Revu sur MUBI : All or Nothing


© 2002 Simon Mein / Thin Man Films / Les Films Alain Sarde / Studiocanal Tous droits réservés

Pour le commun des cinéphiles français, le cinéma social d’outre-Manche est la chasse gardée de Ken Loach qui œuvre depuis un demi-siècle à dénoncer tout ce qui ne va pas dans le système social britannique.
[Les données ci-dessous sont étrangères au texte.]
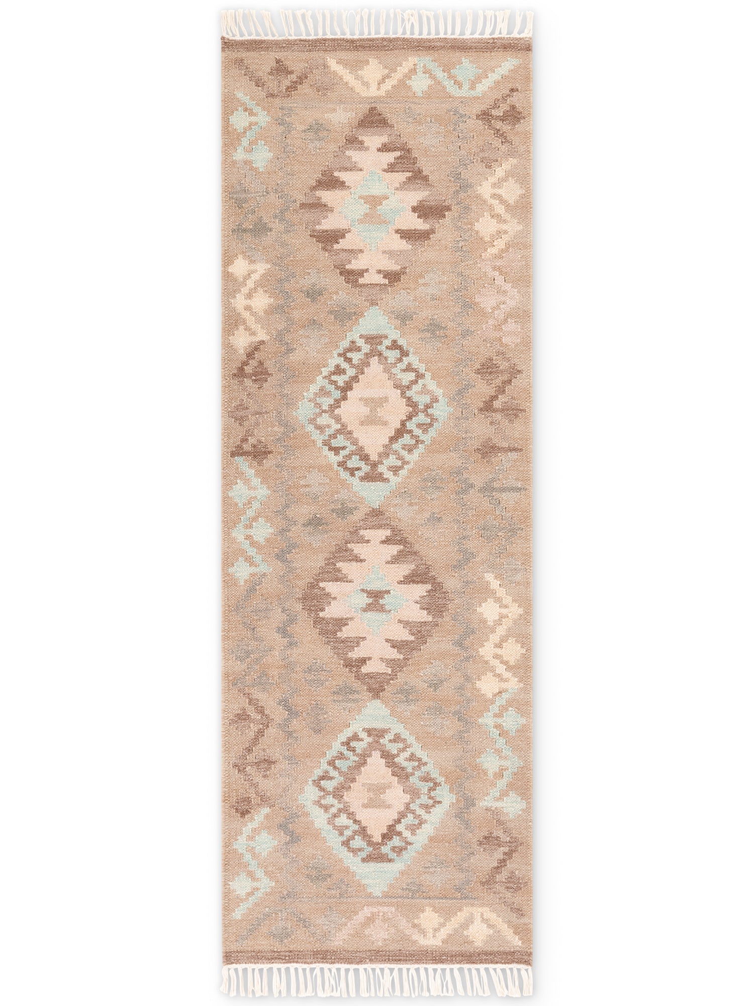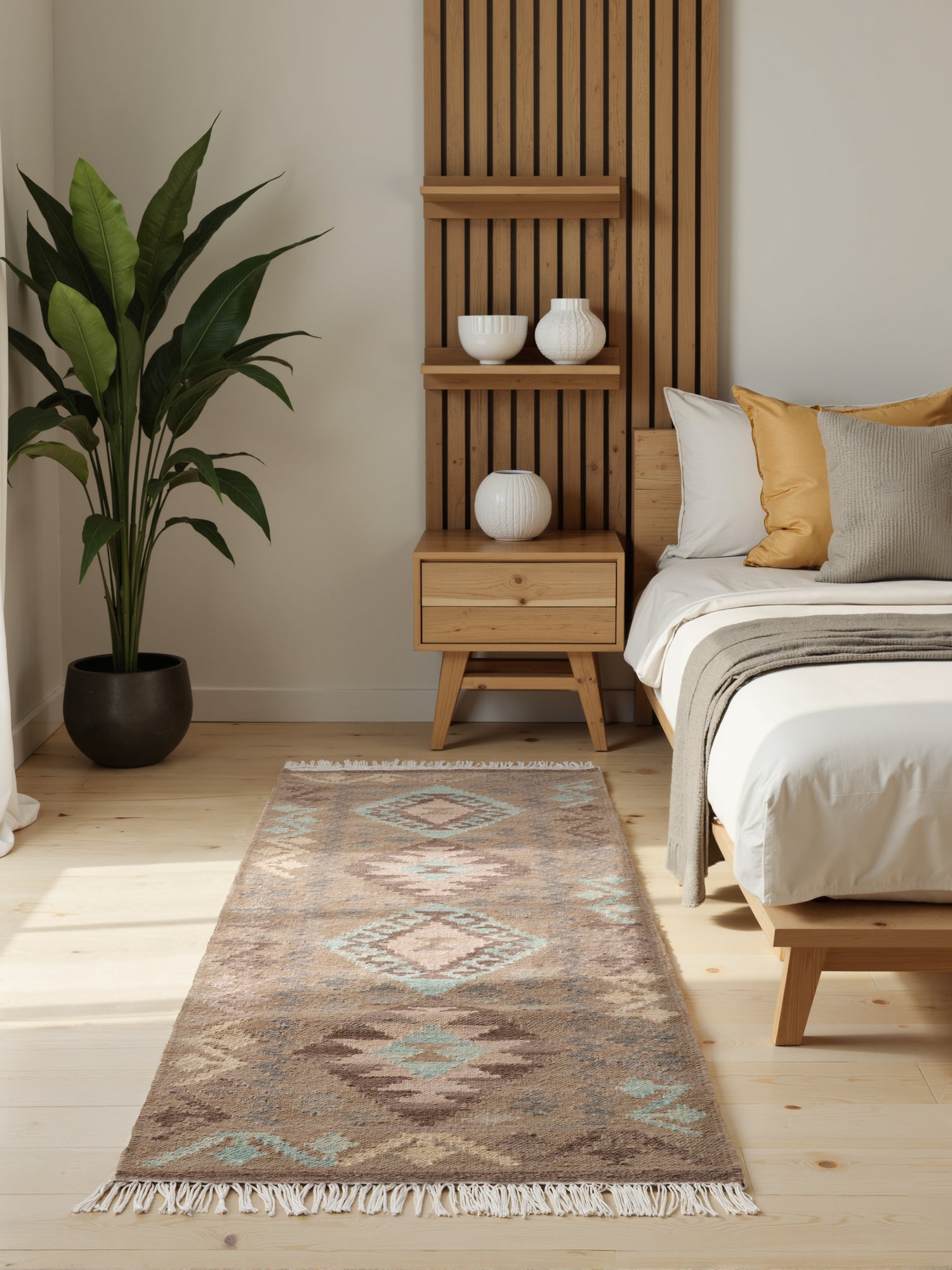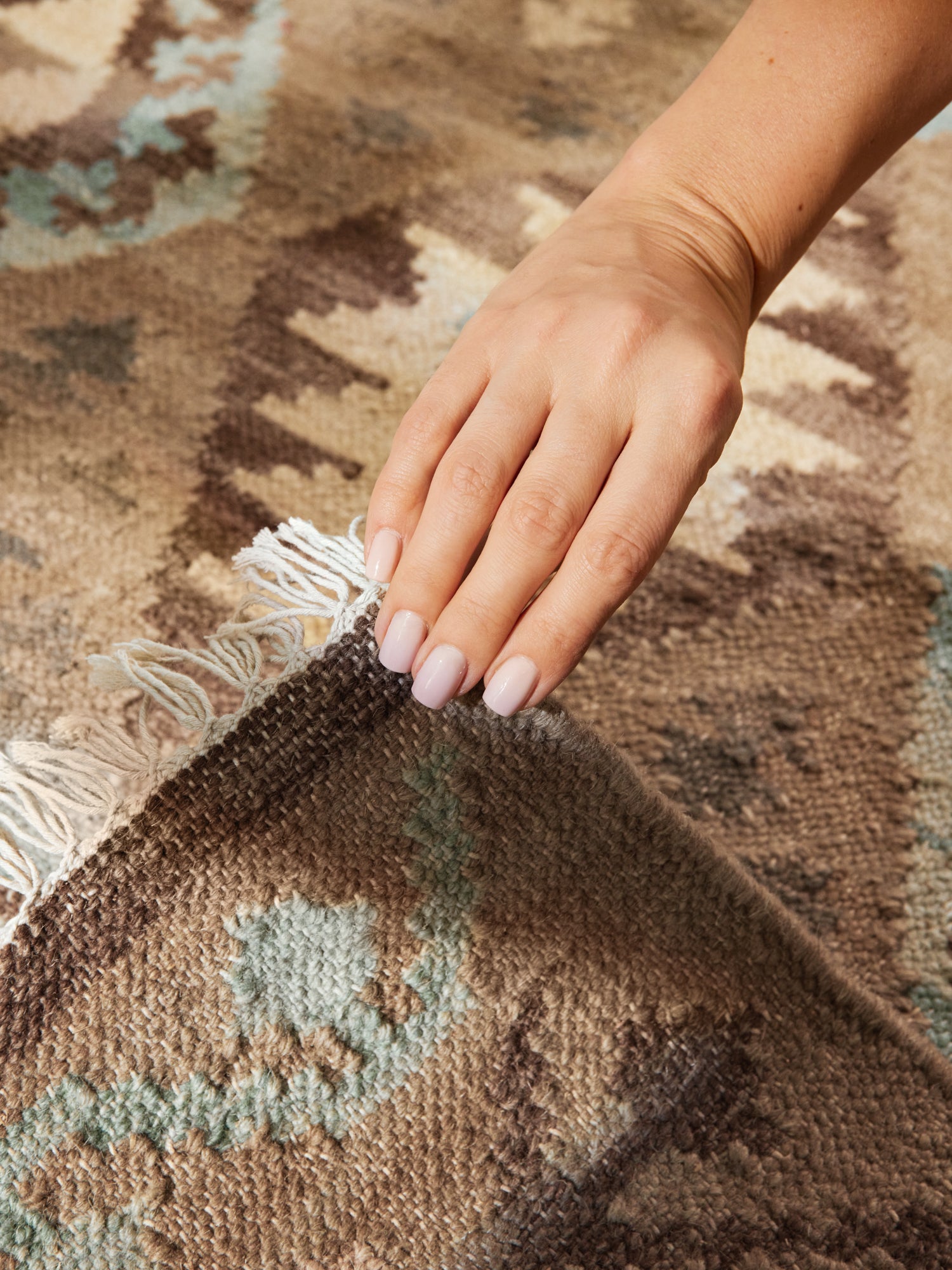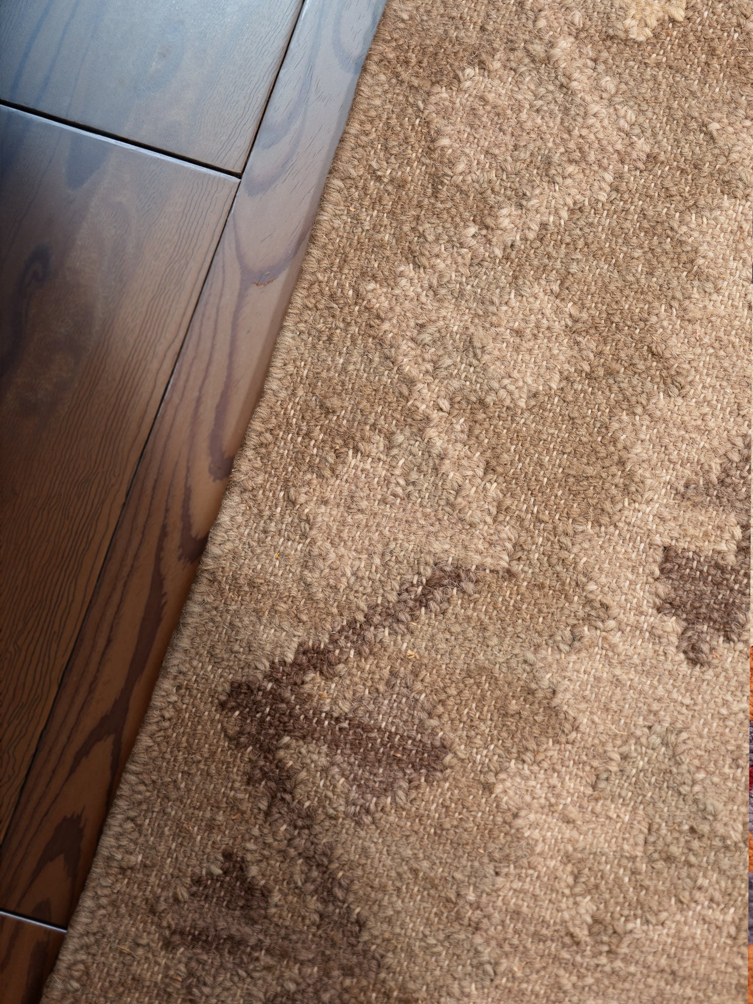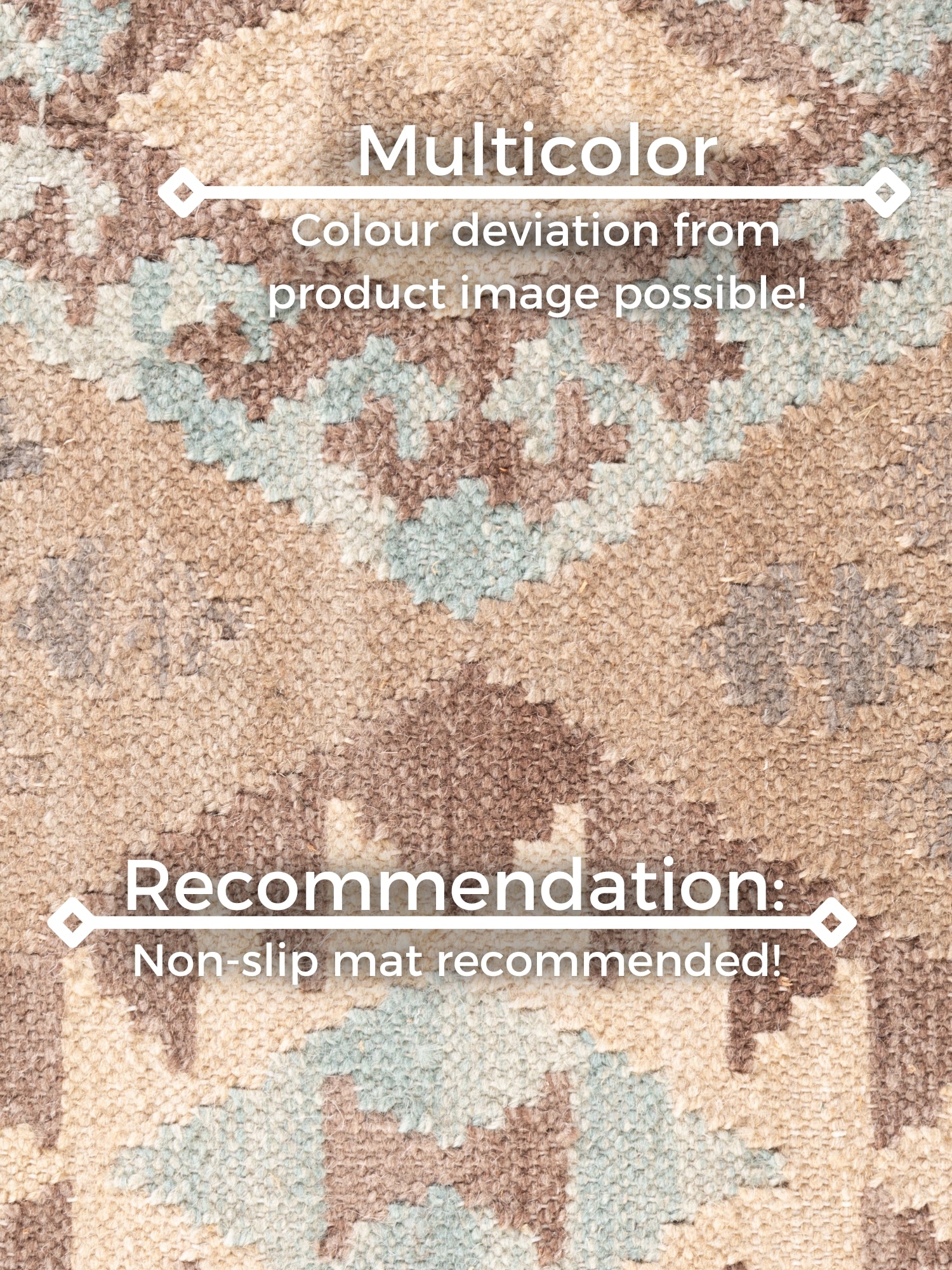 Mattan är handvävd av 80 % ull och 20 % bomull, vilket garanterar en robust och naturlig kvalitet. Den platta väven med en lugghöjd på ca 3 mm och de kraftiga fransarna ger både komfort och lång hållbarhet – perfekt för dig som vill ha ett slitstarkt och hållbart val.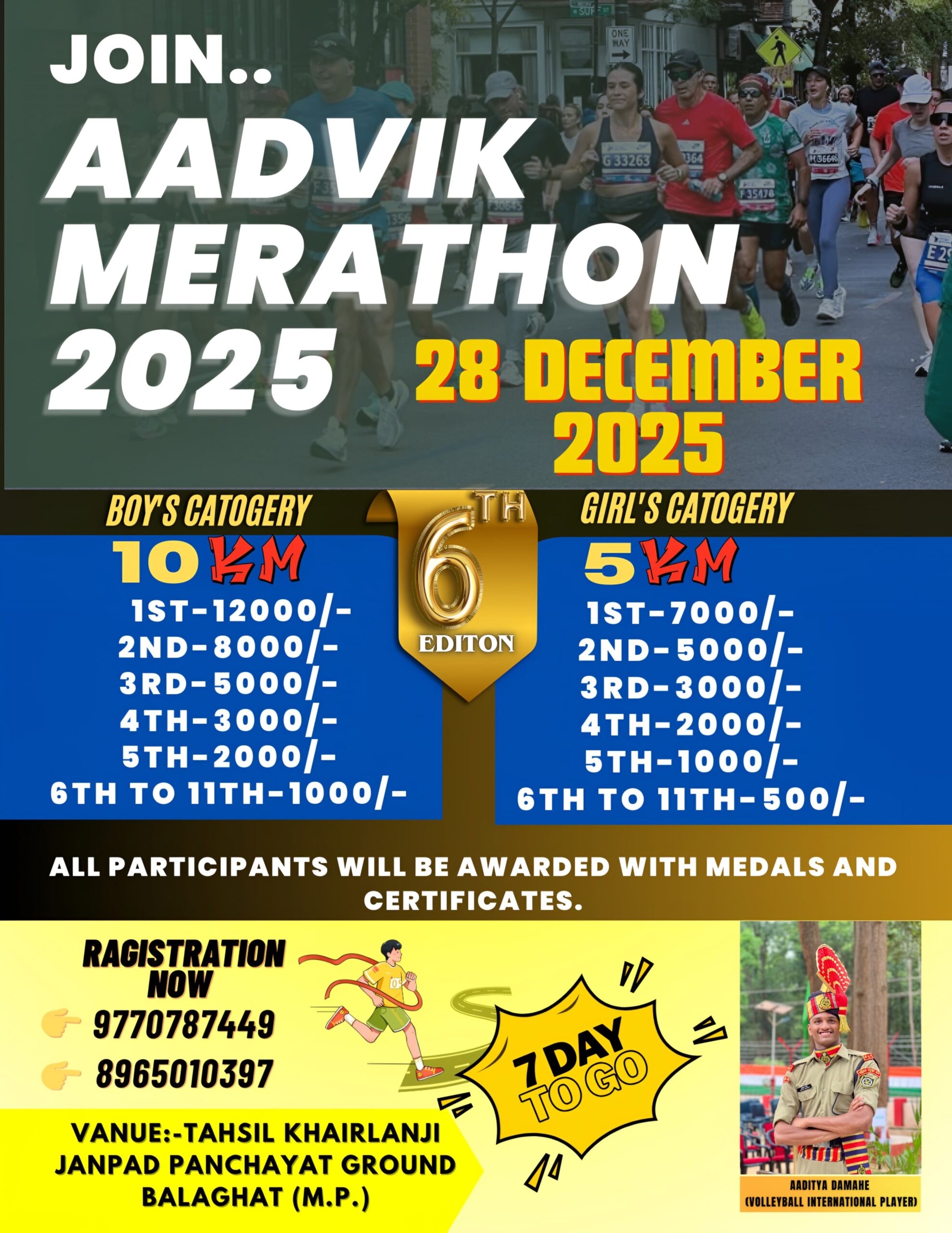 ग्रामीण प्रतिभाओं को सशक्त मंच प्रदान करने, बच्चों के सर्वांगीण शारीरिक-मानसिक विकास और स्वस्थ समाज निर्माण के उद्देश्य को लेकर बालाघाट जिले के खैरलांजी तहसील में एक ऐतिहासिक खेल एवं सामाजिक आयोजन की तैयारियाँ जोरों पर हैं। समृद्ध महाकौशल फाउंडेशन, खैरलांजी के तत्वावधान में आगामी 28 दिसंबर 2025, रविवार को आद्विक मैराथन का भव्य एवं ऐतिहासिक आयोजन किया जा रहा है। यह मैराथन न केवल एक खेल प्रतियोगिता होगी, बल्कि स्वस्थ जीवनशैली, अनुशासित युवा शक्ति और जागरूक ग्रामीण समाज की दिशा में एक प्रेरणादायी अभियान के रूप में आयोजित की जा रही है। आयोजन की शुरूआत सुबह 8 बजे मैराथन दौड़ से होगी, जबकि प्रातः 10 बजे से मंचीय कार्यक्रम का आयोजन किया जाएगा। ग्रामीण बच्चों को मिलेगा आगे बढ़ने का अवसर आयोजन का प्रमुख उद्देश्य ग्रामीण अंचल में छिपी खेल प्रतिभाओं को पहचान दिलाना, बच्चों व युवाओं को नशामुक्त एवं स्वस्थ जीवन के लिए प्रेरित करना तथा शिक्षा के साथ-साथ खेलों को जीवन का अभिन्न अंग बनाना है। आयोजकों का मानना है कि खेल न केवल शरीर को मजबूत बनाता है, बल्कि अनुशासन, आत्मविश्वास और नेतृत्व क्षमता का भी विकास करता है।

Nous n’avons certes rien contre sa recette éprouvée de l’indignation maximale, qui donne souvent des films poignants. Nous lui préférons néanmoins l’approche moins militante de son compatriote Mike Leigh. Celui-ci s’intéresse davantage à l’aspect humain d’une misère pérenne, sans remède miracle, ni message édifiant. L’un de ses films les plus justes à ce niveau-là, qui ne bénéficie hélas pas d’une réputation exceptionnelle, est All or Nothing, encore disponible jusqu’à demain soir sur la plateforme de vidéo par abonnement MUBI. Le réalisateur y explore sans la moindre complaisance un petit groupe de personnages, composé de trois familles globalement dysfonctionnelles, dans la banlieue populaire de Londres. Il ne cherche point à en faire le cas exemplaire d’une couche sociale abandonnée à elle-même, mais plutôt à nous accompagner progressivement, avec une patience et une acuité du regard exceptionnelles, dans la découverte de ce microcosme d’une banalité saisissante.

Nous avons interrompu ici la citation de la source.